Papering Duel is a great 2-player abstract game which I think will be a huge hit with the casual player. It is approachable as it takes themes from a classic game, but updates them and gives a high-quality production that's sure to impress. Papering Duel is certainly a filler game and I wouldn't pack it as my only game when going on a trip, but instead it finds it's place as a quick game to pass the time whether you are on a train or waiting for the rest of your game group to finish their game!

Fi’s Final Thoughts

Papering Duel has really made an impression on me over multiple plays. A couple of our early games seemed to end quite fast, but as we got better, the games because tighter and more interesting, and we saw a range of the end game victory/loss conditions. There's a lot of tactics that can be implemented based on the open information of your opponent's hand and that allows you to set little traps, hoping to whittle down their hand size and ultimately win. Perhaps there will always be a bit of luck of the draw when you draw new tiles, but my feeling during most games is that I'm truly out-witting or being out-witted.

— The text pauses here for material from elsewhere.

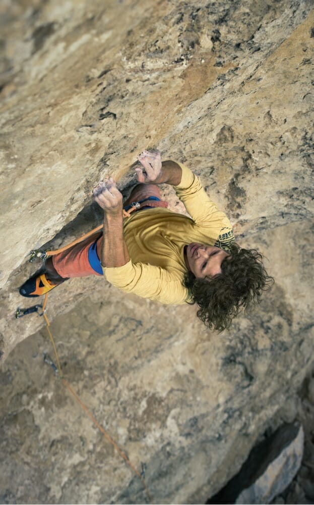 Doch fangen wir der Reihe nach an. Zunächst kam der Amp von Red Chili in der heimischen Kletterhalle zum Einsatz. Ein Slipper also: zweigeteilte Vibram-Sohle, asymmetrische Passform, Synthetik-Schaft aus Mikrofaser-Material sowie ein Leder-Fußbett mit weicher Zwischensohle. Das verspricht doch an sich, ein wunderbar bequemes Klettervergnügen zu werden. Noch dazu wenig Vorspannung, kaum Downturn – und schon hat man einen super Allround-Schuh, den man auch mal längere Zeit am Stück tragen kann, ohne dass einem die Füße schmerzen.

We often find that 2-player abstract strategy games are a negative experience for us due us both having very different ability levels at games like chess or its modern implementations like Onitama and Santorini. However, Papering Duel keeps the puzzle factor, but removes the need to have so much forward thinking and movement planning. It's a very clean puzzle that only seems to demand that you plan ahead as far as your opponent's next turn. I'm sure that you could choose to plan a little further, but for a 5-10 minute game, we haven't been that invested!

If you're looking for a fast and competitive 2-player game that doesn't burn your brain, but does give you the feeling of being smart and solving a puzzle, then I suggest checking out Papering Duel.

You Might Like...
  • The game has great component quality.
  • The open information creates a really intense competitive puzzle.
  • The game has a wonderfully simple but well implemented variant on a tic-tac-toe style mechanism.
You Might Not Like...
  • The rulebook is a little unclear in places, but we eventually found our way (we think!).
  • The game can quite quickly spiral in one player's favour, if one player loses a card.

The Verdict
7/10 Papering Duel is a really fun tug of war for two players. The component quality is fantastic and the transparent cards are a really simple design idea that makes for a great little puzzle. It's a super fast game that we can pull off the shelves, even if we have only 10 minutes to spare.

Papering Duel was a review copy kindly provided to us by Mandoo Games.